In this paper we have extended the item-based collaborative filtering framework by integrating structured semantic information about items for similarity computations. We have used domain-specific reference ontologies to automatically extract such features from the Web and populate class instances. Our enhanced similarity measure combines domain-based semantic item similarities with item similarities based on the user-item mappings. Our experimental results show that the semantically enhanced approach improves the prediction accuracies, while maintaining the computational advantages of item-based CF. In the context of Web usage and e-commerce data, the improvements are even more significant, particularly when focusing on a small number of recommendations.
The application of latent semantic analysis to the extracted semantic features, which reduces noise in the data, further improves the results when the hybrid approach is compared to usage-only or semantic-only recommendations. Furthermore, we have experimentally shown that, for new, unrated items, our approach can produce reasonably accurate recommendations, thus alleviating the "new item problem" associated with standard collaborative filtering. Our experiments also suggest that the integrated approach provides better quality predictions in the face of very sparse ratings or usage data.

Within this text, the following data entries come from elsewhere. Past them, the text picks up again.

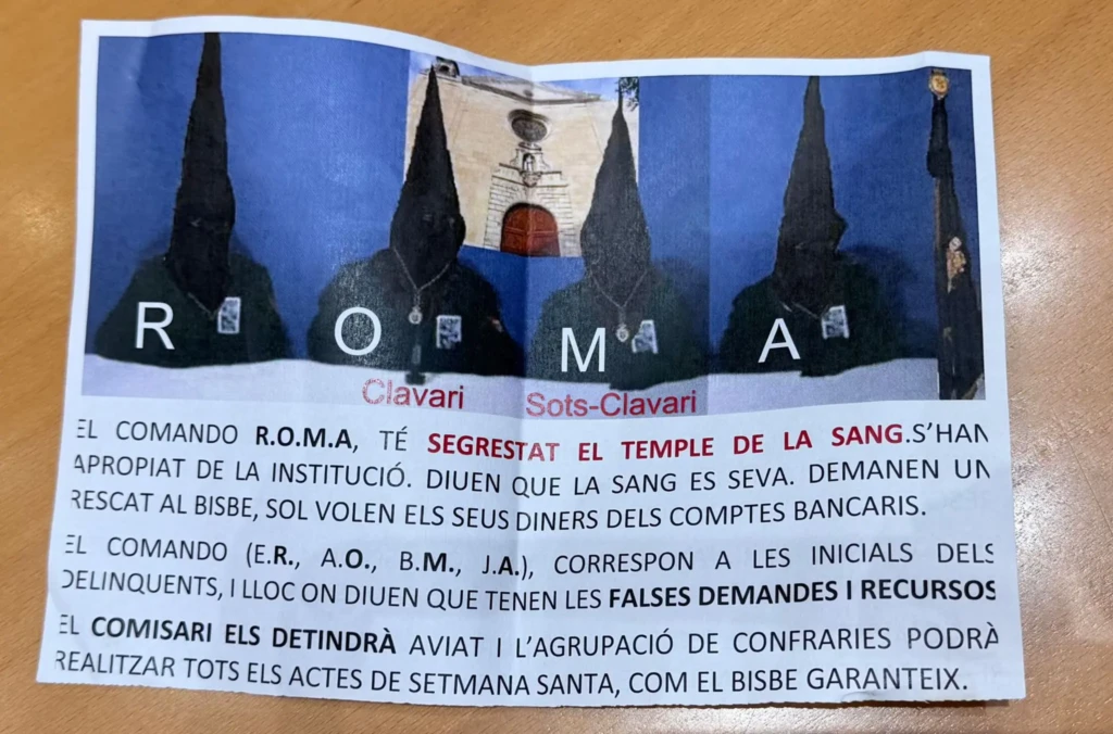 Els cartells porten l’etiqueta “Comando Roma”, amb quatre inicials que corresponen a integrants de la junta cessada per l’arquebisbe. El missatge indica que el comissari de la Sang, Javier Balañá, els detindrà aviat per organitzar la Setmana Santa.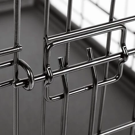 · La boîte à chien avec grille convient comme boîte de transport stable pour la sécurité de votre chien. En quelques étapes simples, la boîte à chien est prête à l’emploi et ne nécessite que peu d’espace une fois repliée. Les deux grandes portes situées à l’avant et sur les côtés permettent un accès rapide à votre animal et lui permettent d’entrer et de sortir facilement de la boîte. Les boîtes à chiens sont également idéales pour les chiots. Le fil métallique robuste offre une vue imprenable, le plateau inférieur peut être retiré, les coins arrondis sont utilisés pour protéger les chiens. Que ce soit dans la voiture ou dans la chambre d’hôtel: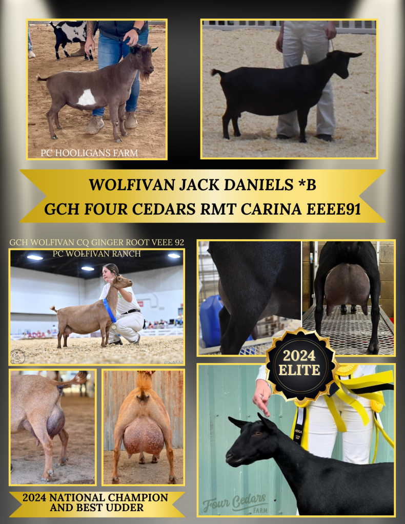 Sire: Wolfivan Jack Daniels (Wolfivan Jack of Diamonds X GCH Wolfivan CQ Ginger Root VEEE92 2024 ADGA National Champion)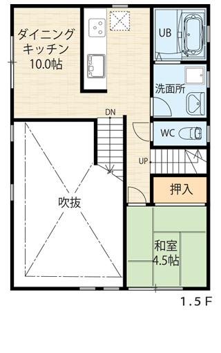 1.5階にはキッチン、ダイニング、和室など、家族の生活空間を集めました。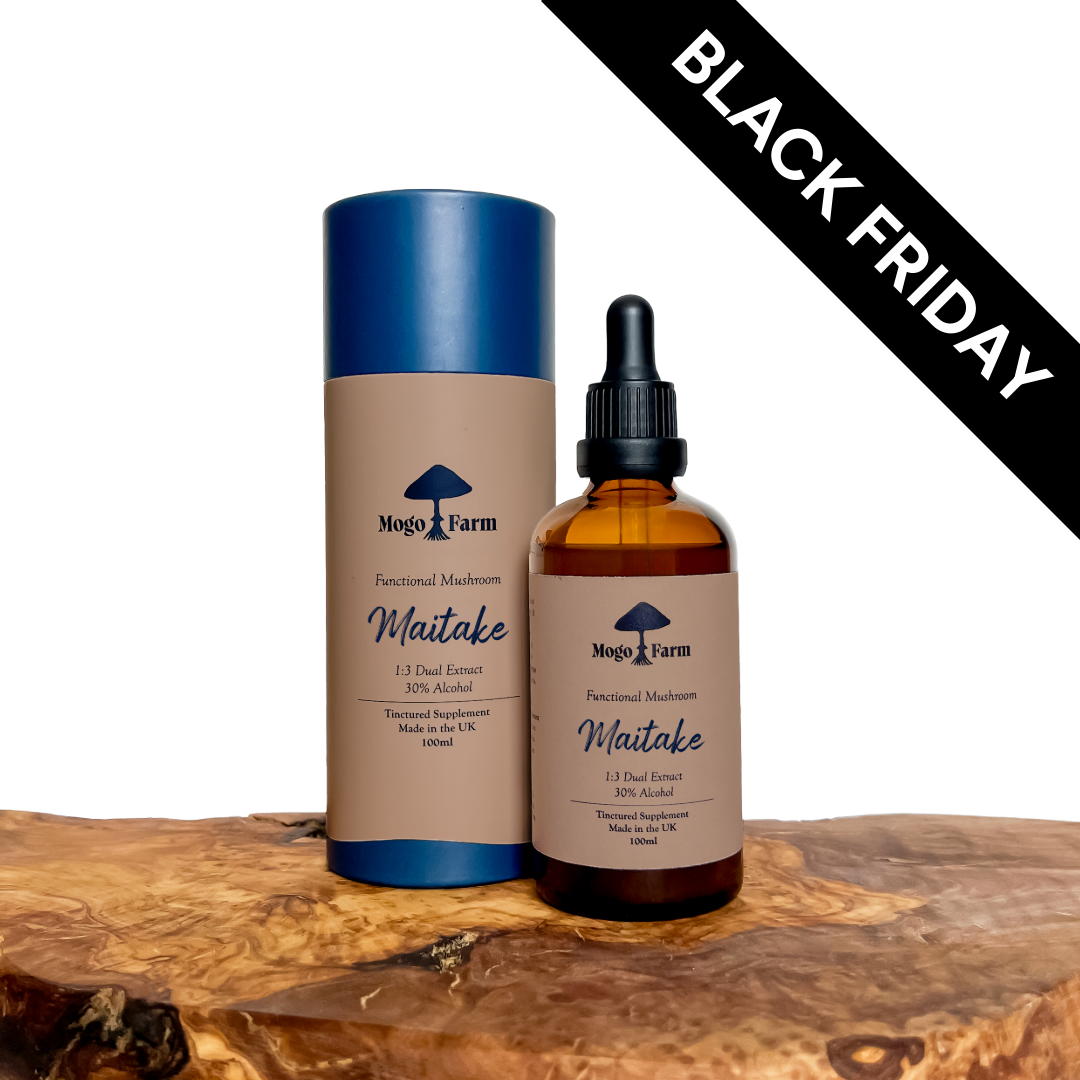 The UK’s most reviewed, highest potency Maitake mushroom tincture - 100ml bottle made from 20,000mg of 100% UK-grown fruiting bodies, expertly cultivated, extracted and bottled in Derbyshire using our team’s proven 1:3 dual extraction method.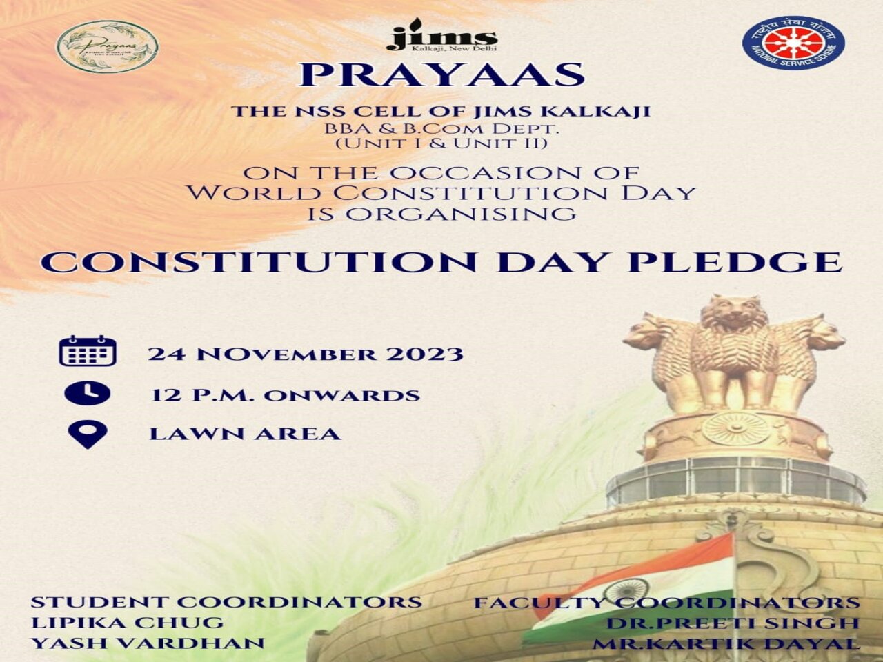 padyatra organized by NSSRD and Ministry of Youth Affairs & Sports was held on 25-11-2024.Prayaas, the NSS club of JIMS Kalkaji, participated in padyatra organized by NSSRD and Ministry of Youth Affairs & Sports to celebrate the 75th Constitution Day of India. The event started at Major Dhyan Chand Stadium and concluded at India gate, a vibrant padyatra was organized as part of the 75th celebration, with various activities held at India Gate, including stage plays, poetry readings, storytelling, and a flag relay. The event aimed to honor the spirit of the padyatra engaged in a range of activities such as dance and music performances. The core element of a padyatra was walking long distances, symbolizing the collective journey towards progress and unity. Additionally, the padyatra featured street plays and cultural performances which served as an engaging and entertaining way to spread the message of the constitution's importance. The primary objective was to celebrate the adoption of the Indian Constitution and emphasize its role in shaping-the nation’s democratic values.highlight its significance in shaping India as a democratic nation, emphasizing the values of justice, equality, and freedom.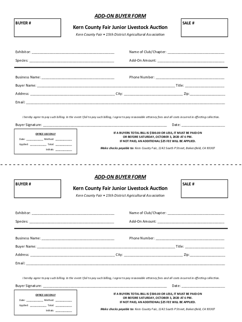 AD DON BUYER FORM BUYER#KernCountyFairJuniorLivestockAuc sale#Kern County Fair 15th District Agricultural Associate exhibitor: NameofClub/Chapter: Species: AddOnAmount: Businessman: PhoneNumber: Username: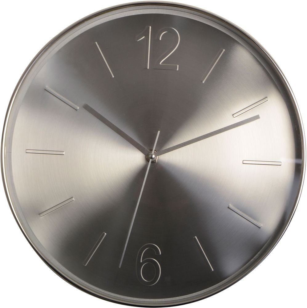 En pen og moderne veggklokke i sølvfarget plast.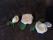 efekt u tej ostatniej różyczki uzyskałam stosujac specjalnego brokatu ktory kupiłam w sklepie z artykułami do dekorowania ciast.Wsypije go do małego pudełeczka i za pomoca waty nanosze na płatki.a to zdjecia z mojej dzisiejszej zabawy:)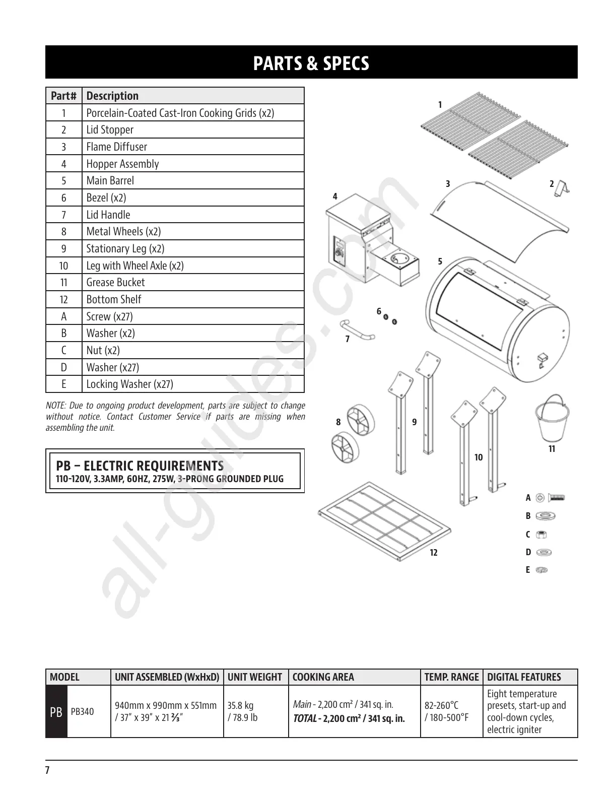MODEL UNIT ASSEMBLED (WxHxD) UNIT WEIGHT COOKING AREA TEMP. RANGE DIGITAL FEATURES
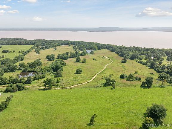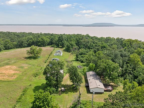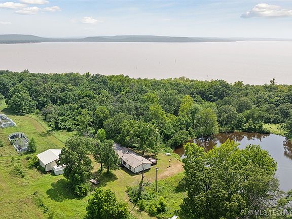 Secluded waterfront ranch located on 92+ fully fenced acres fronting Lake Eufaula's north shore with over 900 feet of shoreline, this is the only property to own land going into the shoreline and into the water. This workable ranch contains two ponds, one stocked and several outbuildings including a fabulous treehouse at the waters edge. As much fishing, hunting, camping, Jetskiing, boating, motorcycling, dirt biking and entertainment as your heart desires. Updated 3 bed 2 bath mobile home with attached oversized 2 car garage. Ranch's primary outbuilding is a 40 x 40 concrete floor shop with electric and 3 overhead doors. The secondary outbuilding is a multi-story multi-room treehouse with large deck. The large stocked pond sits just off the homes back deck. 15 minutes from Checotah and HWYI 40. 30 minutes from Eufala State Park. Enjoy the sunset on your back patio watching deer or fish Lake Eufaula or your pond. The property provides for the launching of power sports with an ATV or like. Perfect for fishing, hunting, horses, other Ag, ranch or business uses. This property could be the foundation for your retirement compound or estate on beautiful Lake Eufaula State Park. No restrictions. Property also has 2 green houses and additional 800amp is available. So much potential for so many things. Enjoy peaceful country living near town for all your needs. A COZY BRAND NEW TREE HOUSE WITH LARGE DECK BY THE WATER OF LAKE EUFAULA. A perfect place to relax and listen to the waves. You must come and experience the breathtaking natural surroundings that will bring you tranquility and solace. The tree house has full bath with shower, it is perfect for guest room or airBNB on hunting season.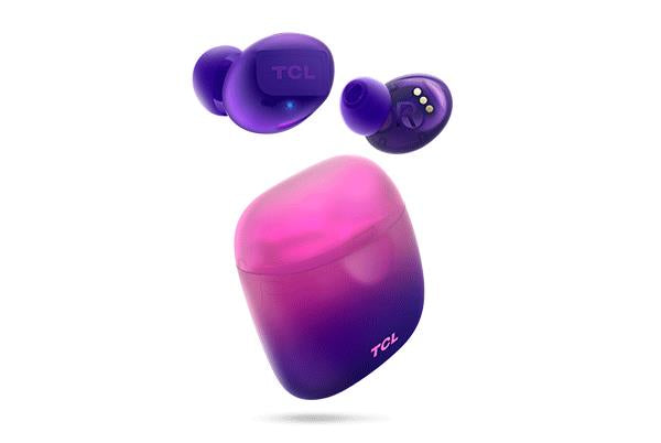 TCL SOCL500TWS Auscultadores Estéreo Auscultadores - Lilás - Binaural - No ouvido - 1000 cm - Bluetooth - 9 Hz para 22 kHz. Effortless comfort for every ear shape. Listen to your favorite music and entertainment in total comfort, with ergonomically sculpted ear-pieces. Extended play time of up to 26 hours with 6.5 hours per charge: Keep the music going all day with a long play-time of up to 26 hours, with 6.5 hours per charge for each ear-piece. IPX4 sweat and splash proof: Feel free to make a splash, these headphones can handle it, with IPX4 protection from sweat and splashes. 5.8mm speaker drivers for rich bass and clear sound: Enjoy rich, powerful bass and clear, detailed sound, with tiny but mighty 5.8mm speakers. Unique translucent with carefully crafted colour gradients: Find the perfect style for you. The striking translucent exterior and sleek color fades give these headphones a stylish edge. Slimline and fast recharging case with USB-C. Get a quick charge when you need it with the streamlined fast-charging case with USB-C connection. Features: Unique translucent finish and color gradient, 5.8mm speaker drivers, Ear-centric design, Bluetooth 5.0, IPX4 sweat and splash proof, Up to 26 hours play time, Slimline charging case, 15 mins fast charging for 1 hour play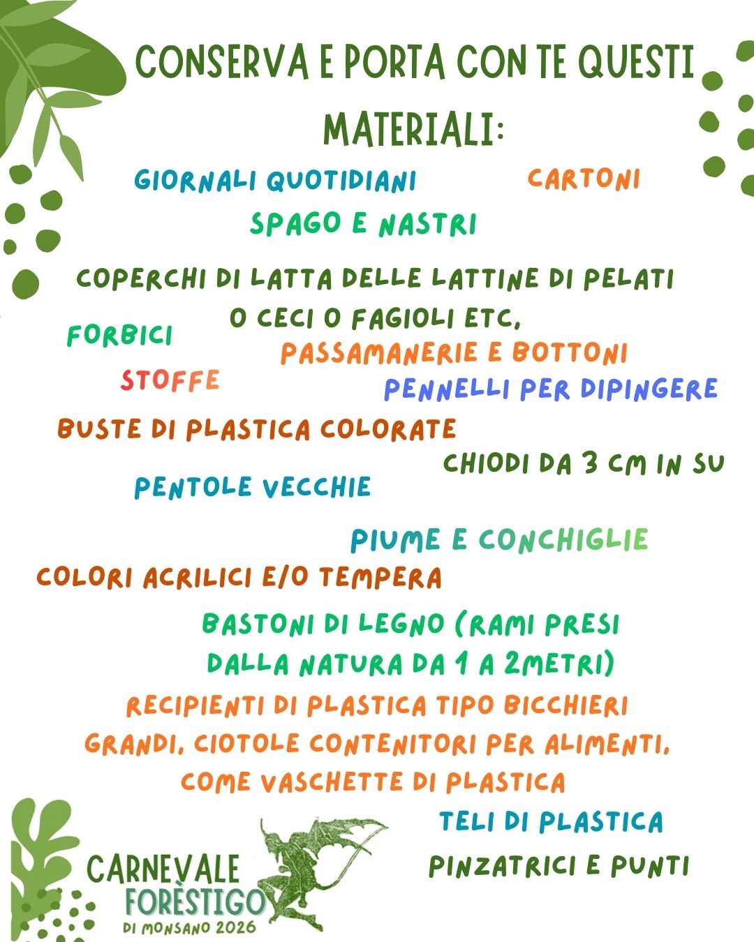 Nei giorni 12 e 13 febbraio presso la sala parrocchiale adiacente alla Chiesa di Santa Maria di Monsano, dalle 17:30 alle 20:30 si svolgeranno laboratori gratuiti aperti a tutte e tutti per costruire un grande pupazzo e maschere di cartapesta con materiali di scarto e materiali naturali sotto la regìa della burattinaia Flavia D'Aiello.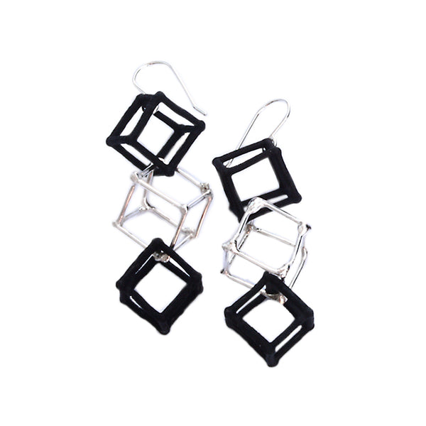 3 Cube cascading earrings with two 3D printed hand dyed BLACK nylon cubes and a handmade Sterling silver ("WHITE") cube in between.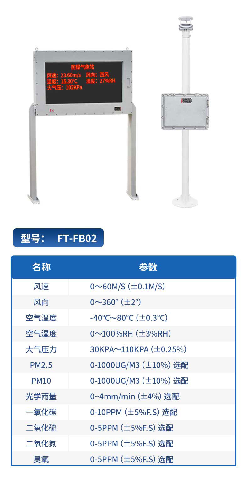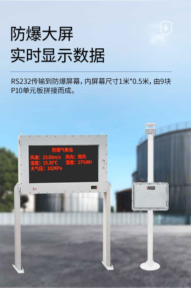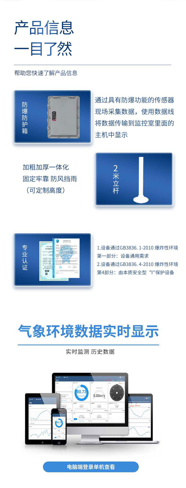 【产品简介】一、防爆气象站产品简介防爆气象站是风途物联网根据市场需求,针对化工厂、油库等特殊场所而研发生产的一款一体化气象站。它集数据采集、存储、通讯上传于一体,通过有线的通讯方式与后台上位机···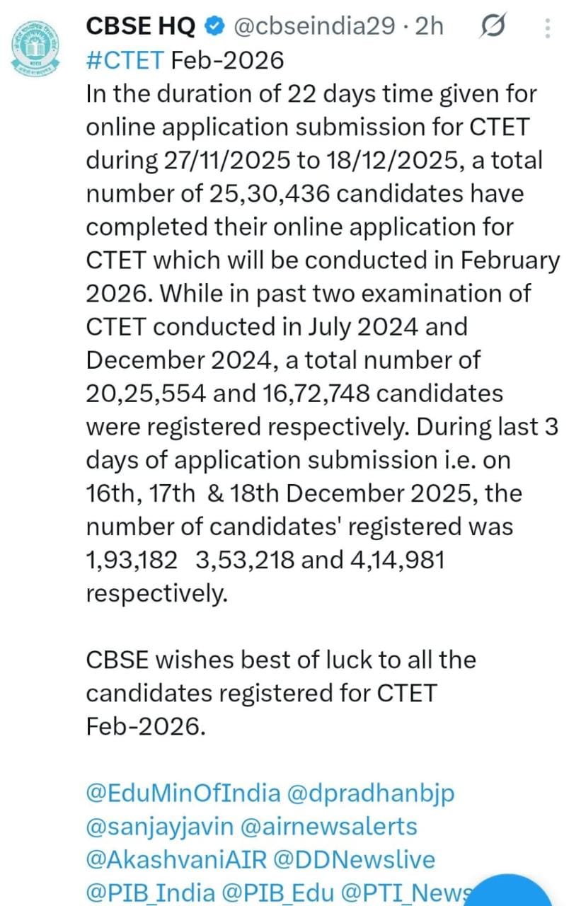CTET 2025 में कुल आवेदन की संख्या : 25,30,436 हैं,पिछले साल की तुलना में इस साल 5 लाख आवेदन अधिक हुए इसका कारण विभिन्न राज्यों के सेवारत शिक्षक भी आवेदन किये।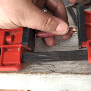 Puse las partes en la sugerencia de la hoja de instrucciones que vino con mi kit. Parece tonto, pero probablemente fue un poco más rápido como resultado. Primero, inserta la punta del lápiz en el frente de la mitad del espacio en blanco y apretar una abrazadera de empuñadura de pistola alrededor de él. Hay un montón de unitasker comprado Prensas para hacer estas operaciones, pero no veo la necesidad y experiencia ahora ha demostrado que no son necesarios. Era fácil ver lo que todo el mundo estaba hablando--las piezas del kit de pluma muy fácilmente no se queda rectas como vas a presionan juntos, pero no parece difícil a la derecha por el camino ya sea. El siguiente fue el mecanismo de giro. Otro gran desconocido para mí era cómo ahora Presione en el mecanismo de giro. Mis instrucciones, dijo algo así como "a la línea", pero había múltiples líneas o paradas. Había también sido advertí con todas las piezas que presionar demasiado sería permanente, por lo que me preocupaba accidentalmente ir demasiado lejos. Mientras que resultó, no pulse lo suficiente el primero dos veces. Me di cuenta de esto cuando la punta de no extender lo suficiente. Terminó siendo la marca más en el mecanismo de giro, no sólo la sección de cobre amarillo.

An interesting area of current and future work is to use the characteristics of the domain together with machine learning techniques to automatically determine the semantic combination parameter (i.e., the degree to which the semantic similarity is combined with the item similarities based on ratings or usage). We will also further study the impact of using other approaches for measuring semantic similarities which take into account the structure of the underlying domain ontologies. Of particular relevance in this context is the work of Ganesan et al. [9] on using hierarchical structures in computing similarities, and that of Hotho et al. [13] on ontology-based text clustering.